- RECORDS
★ ★ ★ ★
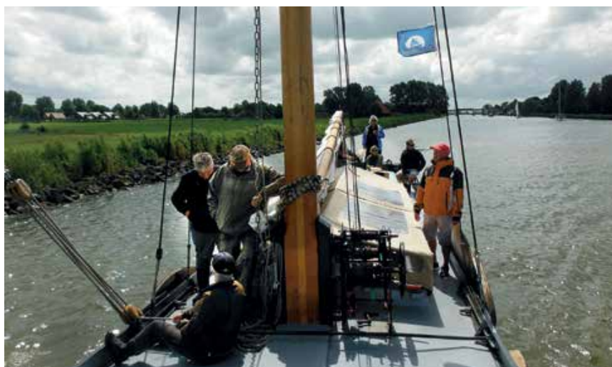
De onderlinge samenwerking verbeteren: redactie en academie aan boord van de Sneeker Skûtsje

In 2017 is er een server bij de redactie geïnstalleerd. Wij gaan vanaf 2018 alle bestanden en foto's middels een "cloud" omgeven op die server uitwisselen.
★ ★ ★ ★
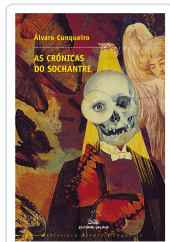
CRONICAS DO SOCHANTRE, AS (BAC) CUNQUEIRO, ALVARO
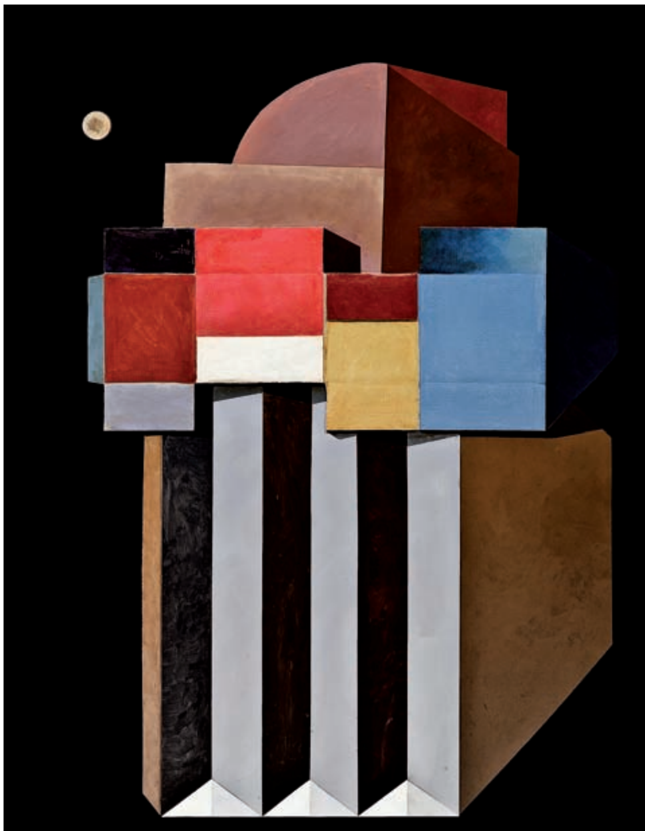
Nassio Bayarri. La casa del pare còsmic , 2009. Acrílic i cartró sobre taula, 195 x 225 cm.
★ ★ ★ ★
- ABOUT THIS TASK
An exact copy of the lines above from the one with "CRONICAS DO SOCHANTRE, AS" up to and including the one with "Nassio Bayarri. La" is required; reproduce only those lines, omitting all pictures.

- SOLVED EXERCISE
CRONICAS DO SOCHANTRE, AS (BAC) CUNQUEIRO, ALVARO
Nassio Bayarri. La casa del pare còsmic , 2009. Acrílic i cartró sobre taula, 195 x 225 cm.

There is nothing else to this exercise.